=== RECORDS SUPPLIED ===

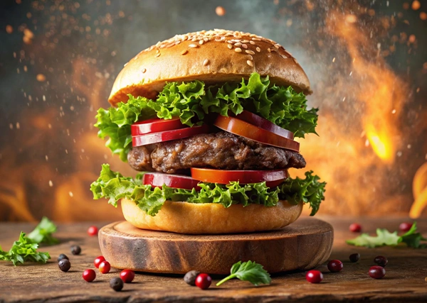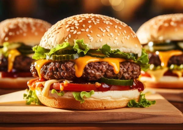 Hambúrguer artesanal com blend de carne, queijo cheddar, alface, tomate e molho especial.
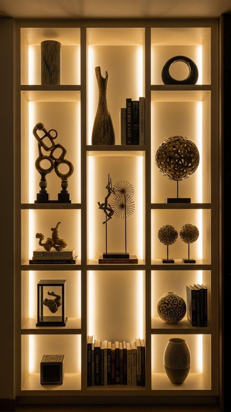 Often overlooked, backlit shelving turns ordinary displays into curated focal points by washing objects in even, flattering light.
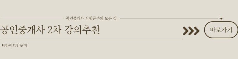 👉 공인중개사 2차 시험은 중개사법, 공법, 공시·세법 총 3과목으로 이루어져 있으나 시험 준비 시에는 중개사법, 공법, 공시법, 세법 총 4과목을 준비하게 됩니다. 시험 합격을 위한 각 과목별 시간투자와 공부법 등 필자의 2차 시험 후기와 추천드리는 강사분들에 관해 궁금하시다면 위를 클릭하셔서 확인하시기 바랍니다.
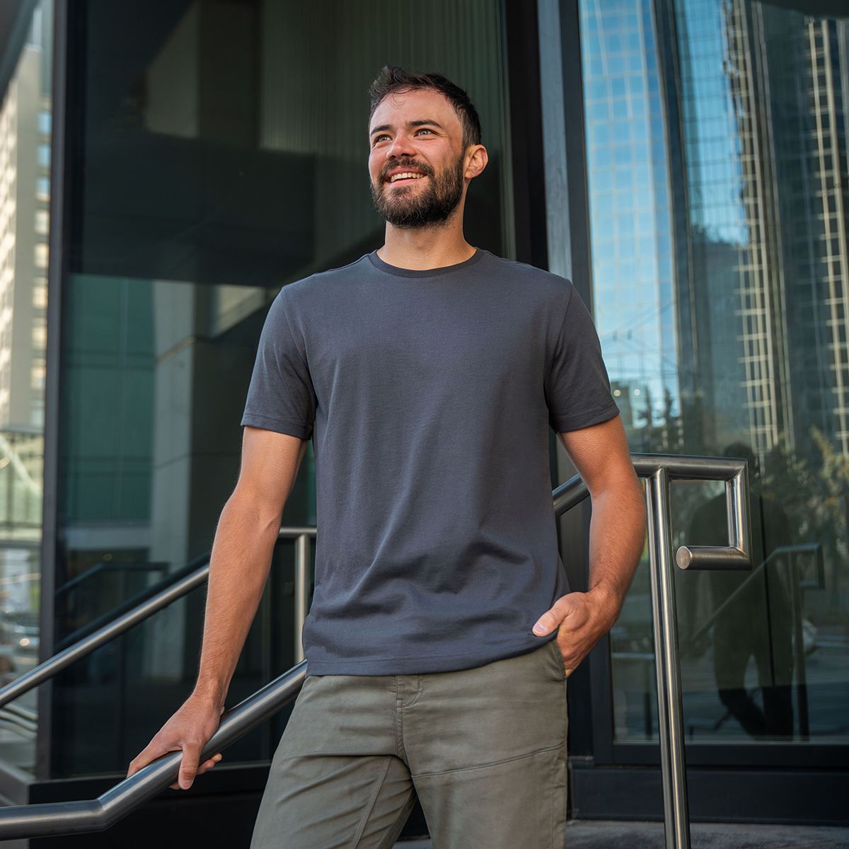 Men’s Stockton S/S Tee – TSX-6M The Stockton Short Sleeve Tee was built to feel like your favorite cotton tee but with built-in resilience. Using 60% Certified Cotton gives us the softness and natural hand feel we love, while blending in 40% Polyester ensures your favorite tee keeps its shape and performs better over time. The rib knit collar and taped neck seam were chosen for durability and comfort — details that make a big difference in how a tee holds up after repeated wear and wash. With UPF 50+ protection built in, the Stockton Tee is designed not just for softness but for everyday reliability in all conditions.
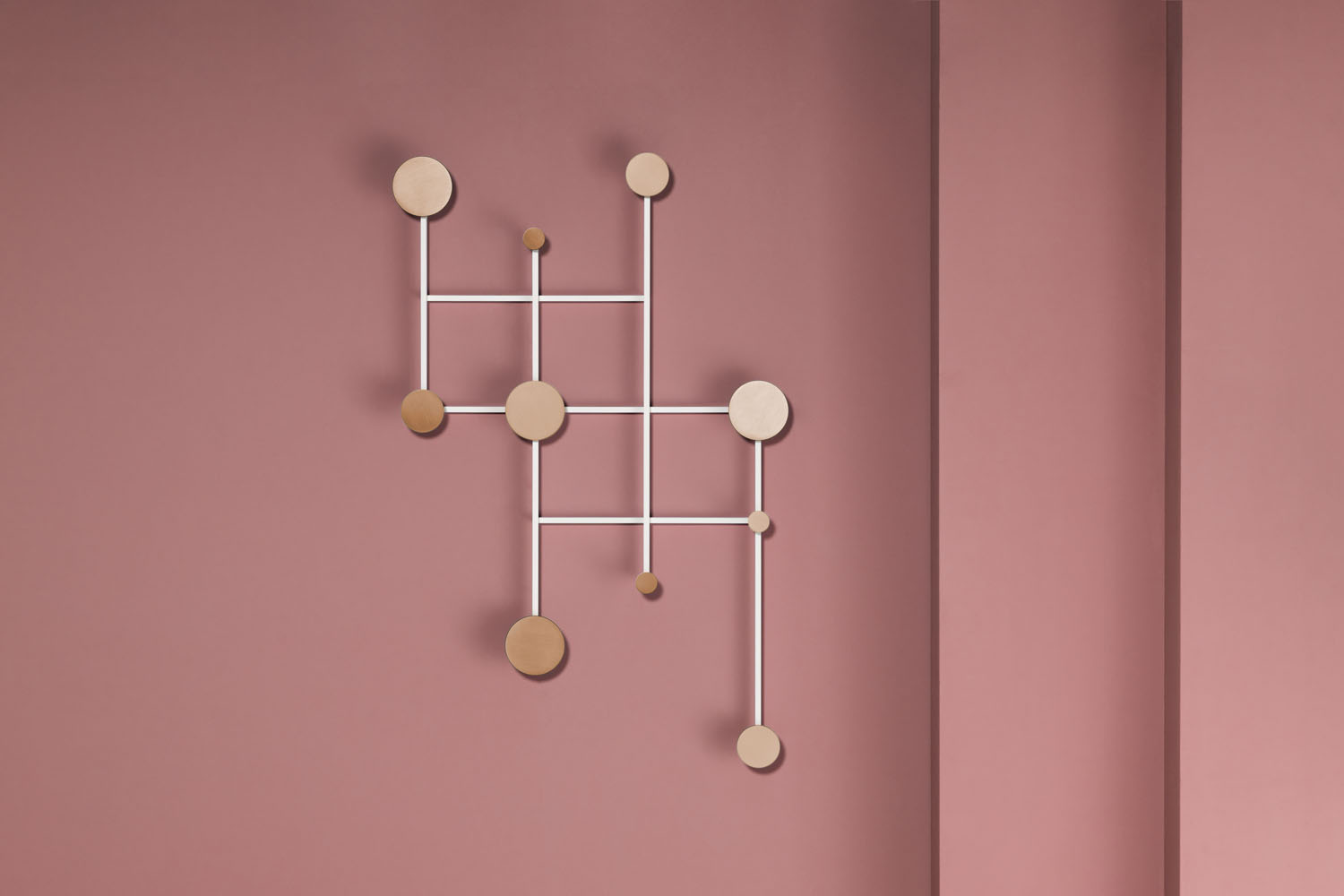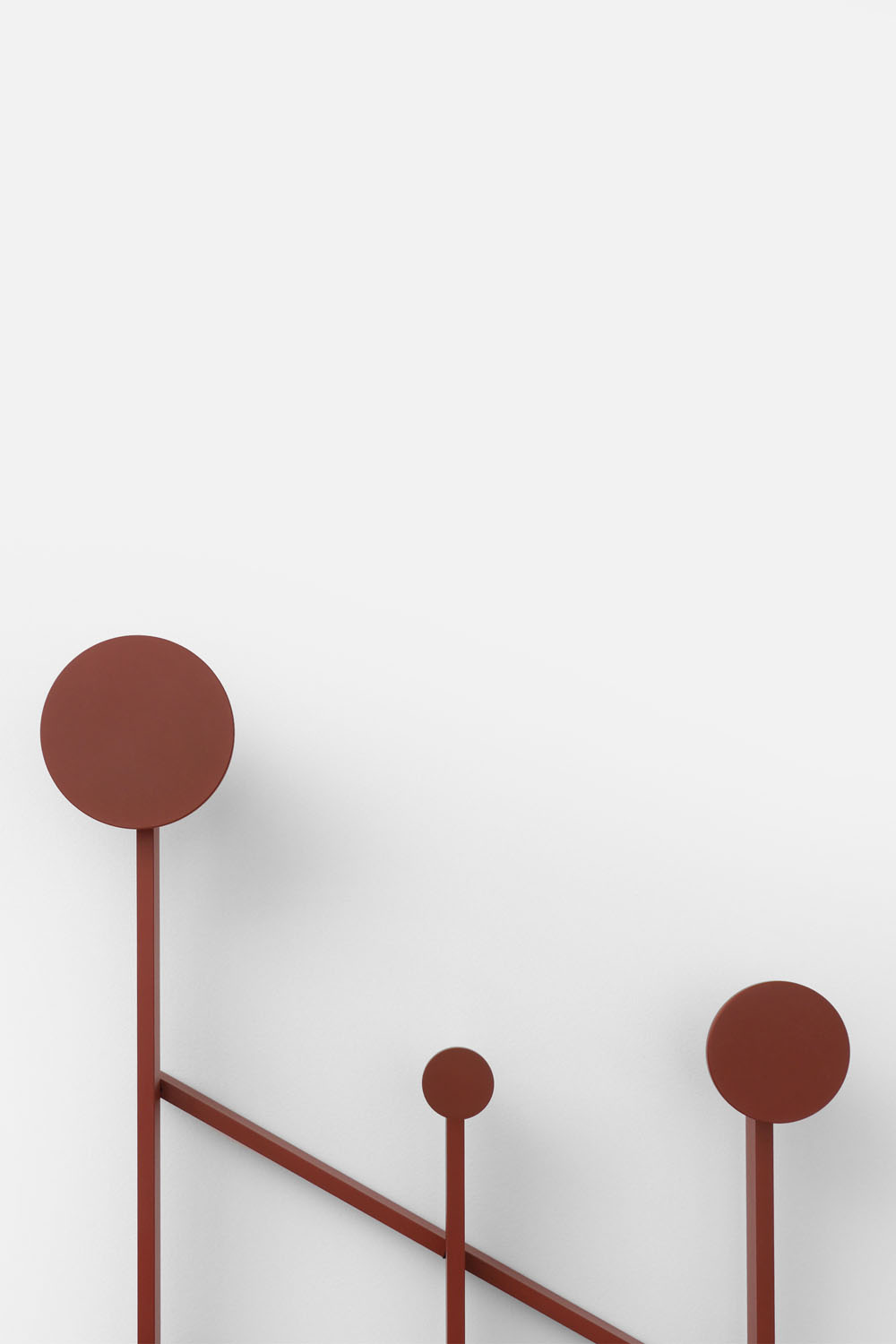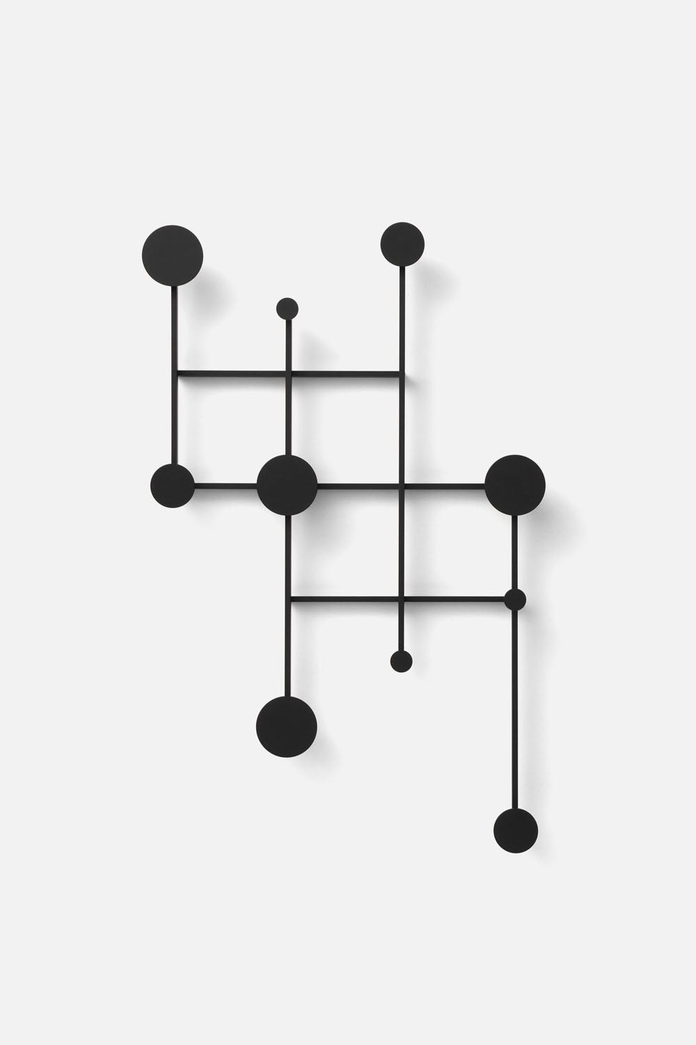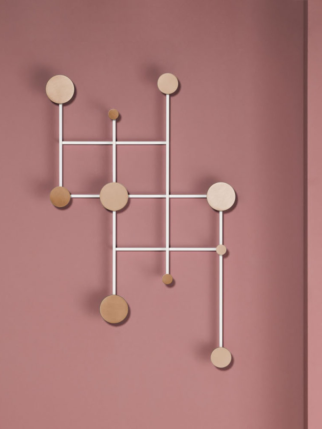 An adjustable aluminum coat rack inspired by the classic accordion-style design. Its strong geometric shapes and black and bronze color palette create a wall piece that is both decorative and functional. The asymmetrical design adds a playful touch.

===

Except for the pictures, copy every line of the records above exactly.

 Hambúrguer artesanal com blend de carne, queijo cheddar, alface, tomate e molho especial.
 Often overlooked, backlit shelving turns ordinary displays into curated focal points by washing objects in even, flattering light.
 👉 공인중개사 2차 시험은 중개사법, 공법, 공시·세법 총 3과목으로 이루어져 있으나 시험 준비 시에는 중개사법, 공법, 공시법, 세법 총 4과목을 준비하게 됩니다. 시험 합격을 위한 각 과목별 시간투자와 공부법 등 필자의 2차 시험 후기와 추천드리는 강사분들에 관해 궁금하시다면 위를 클릭하셔서 확인하시기 바랍니다.
 Men’s Stockton S/S Tee – TSX-6M The Stockton Short Sleeve Tee was built to feel like your favorite cotton tee but with built-in resilience. Using 60% Certified Cotton gives us the softness and natural hand feel we love, while blending in 40% Polyester ensures your favorite tee keeps its shape and performs better over time. The rib knit collar and taped neck seam were chosen for durability and comfort — details that make a big difference in how a tee holds up after repeated wear and wash. With UPF 50+ protection built in, the Stockton Tee is designed not just for softness but for everyday reliability in all conditions.
 An adjustable aluminum coat rack inspired by the classic accordion-style design. Its strong geometric shapes and black and bronze color palette create a wall piece that is both decorative and functional. The asymmetrical design adds a playful touch.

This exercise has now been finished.